* _What needs to be done_
In the listing below, the lines starting at the line with "[YUYAKESHI] 痛バ 見せバッグ" and ending at the line with "von links nach" are to be output verbatim. Images stay out of the copy.

* _Records_
◆ ◆ ◆ ◆

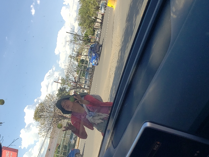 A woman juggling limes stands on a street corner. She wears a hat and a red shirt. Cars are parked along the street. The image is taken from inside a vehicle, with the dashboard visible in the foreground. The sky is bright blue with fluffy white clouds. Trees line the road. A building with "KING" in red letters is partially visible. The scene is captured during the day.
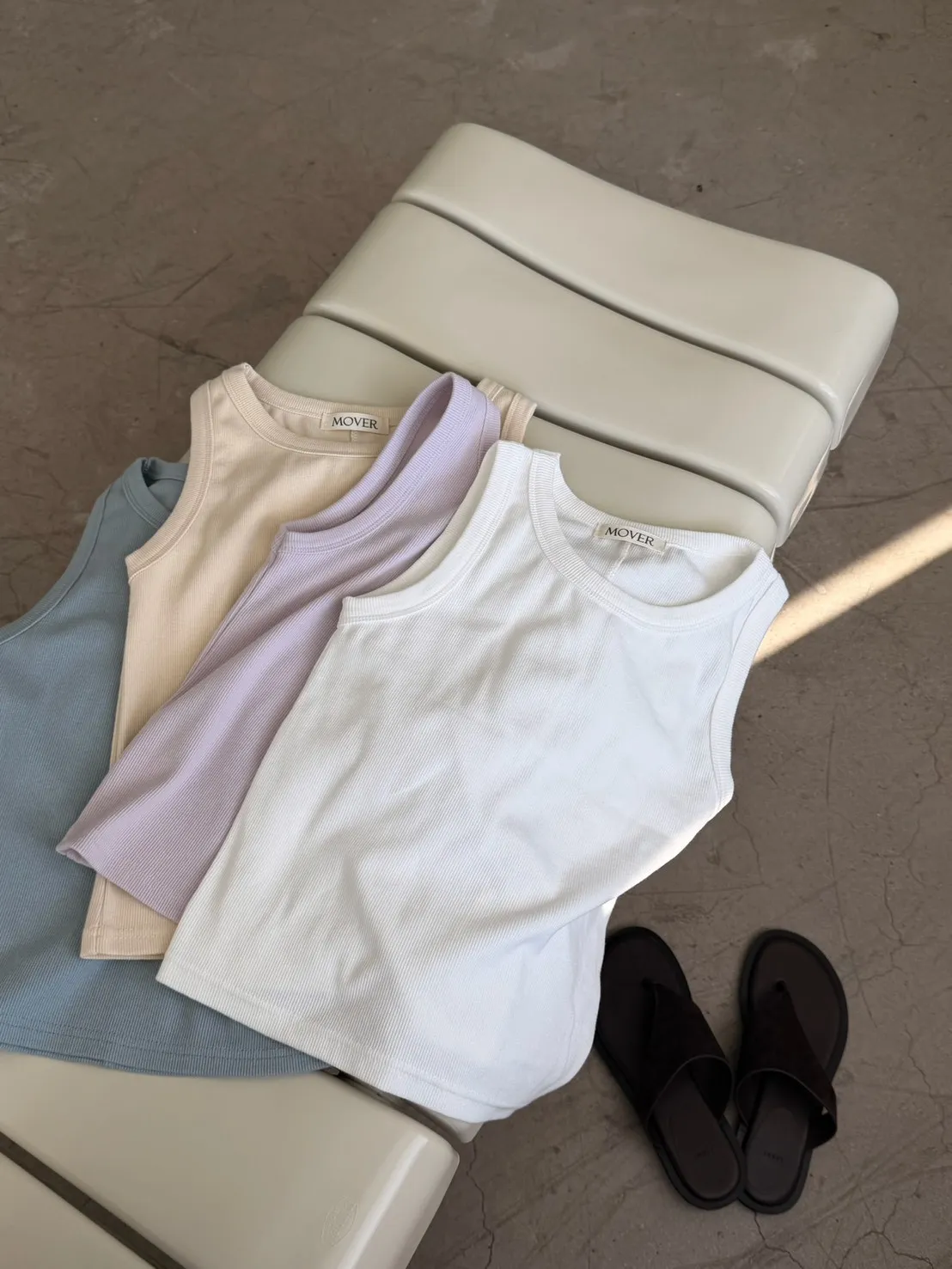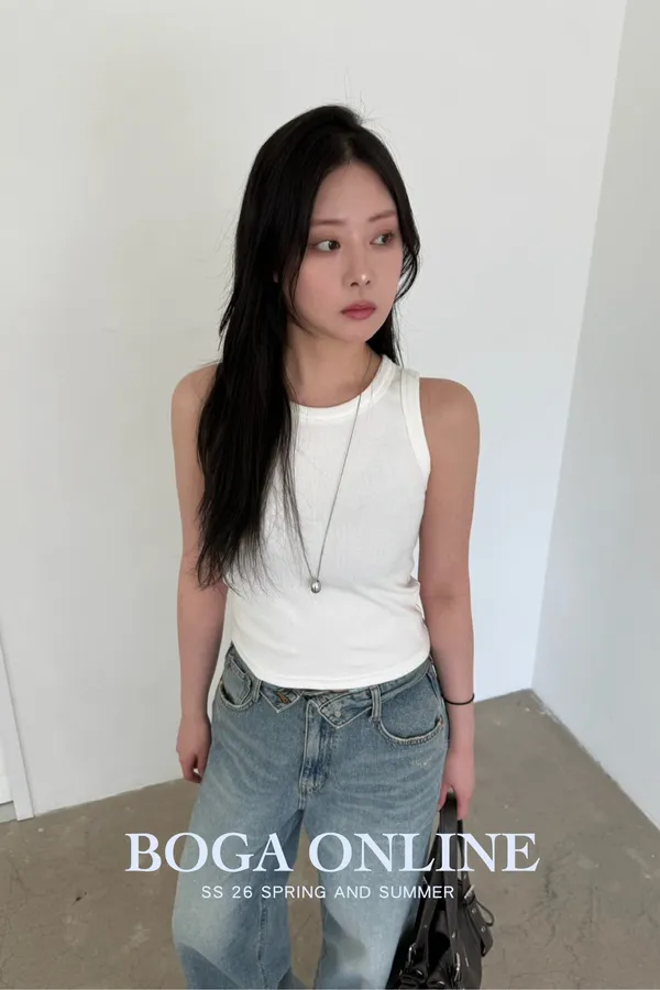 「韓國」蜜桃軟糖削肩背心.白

◆ ◆ ◆ ◆

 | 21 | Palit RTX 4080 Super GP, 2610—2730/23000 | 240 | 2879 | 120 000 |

◆ ◆ ◆ ◆

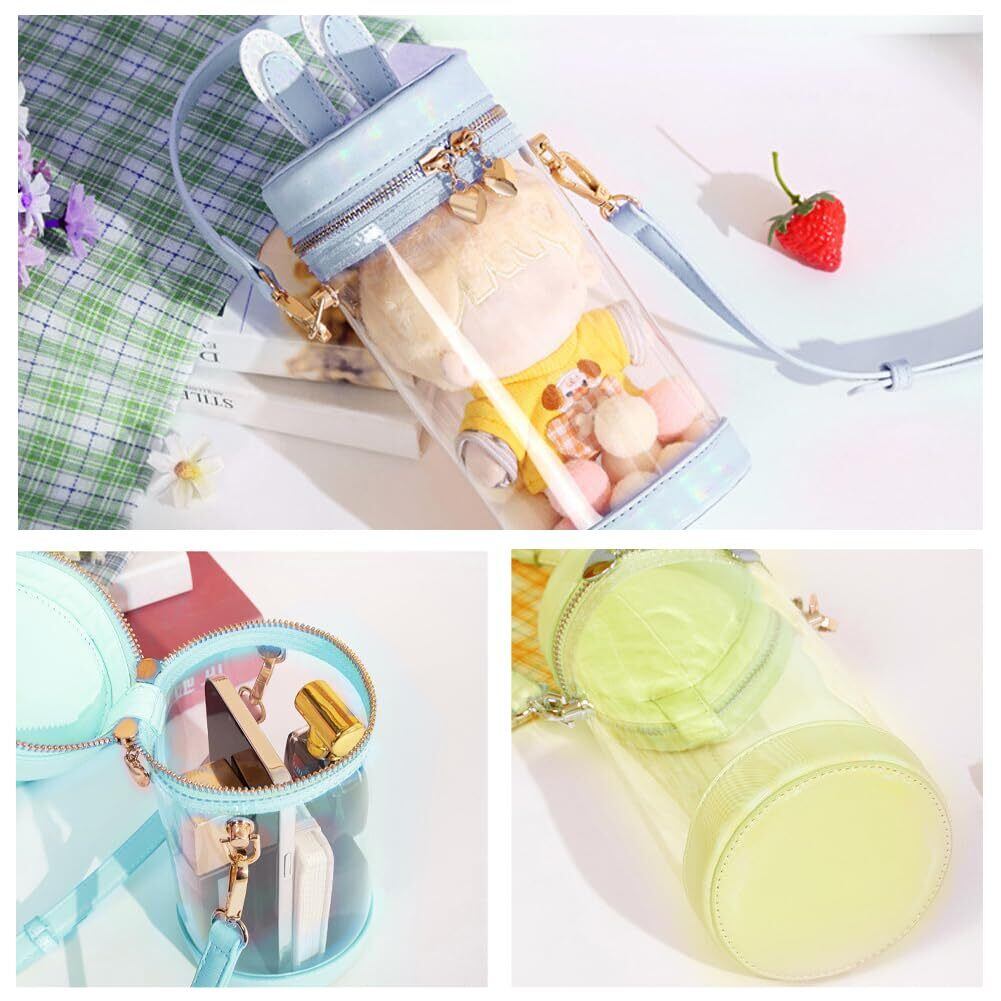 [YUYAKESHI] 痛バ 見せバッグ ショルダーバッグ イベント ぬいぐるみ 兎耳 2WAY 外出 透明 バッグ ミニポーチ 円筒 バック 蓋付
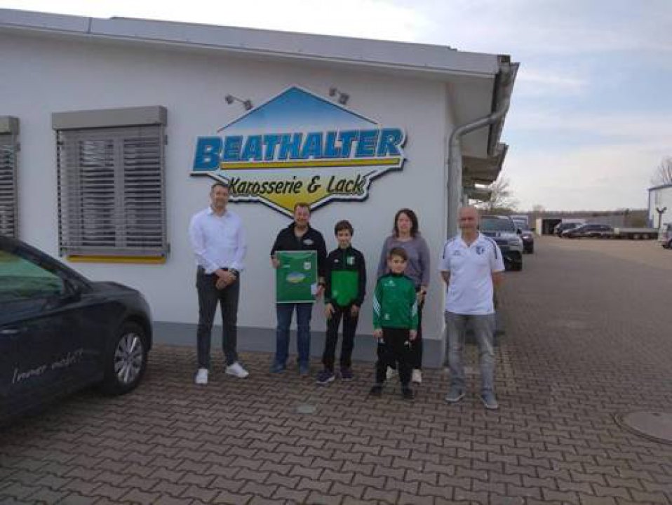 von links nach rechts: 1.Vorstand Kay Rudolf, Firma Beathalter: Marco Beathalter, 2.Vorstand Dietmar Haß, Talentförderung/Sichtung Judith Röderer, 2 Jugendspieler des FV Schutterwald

◆ ◆ ◆ ◆

* _The answer_
 [YUYAKESHI] 痛バ 見せバッグ ショルダーバッグ イベント ぬいぐるみ 兎耳 2WAY 外出 透明 バッグ ミニポーチ 円筒 バック 蓋付
 von links nach rechts: 1.Vorstand Kay Rudolf, Firma Beathalter: Marco Beathalter, 2.Vorstand Dietmar Haß, Talentförderung/Sichtung Judith Röderer, 2 Jugendspieler des FV Schutterwald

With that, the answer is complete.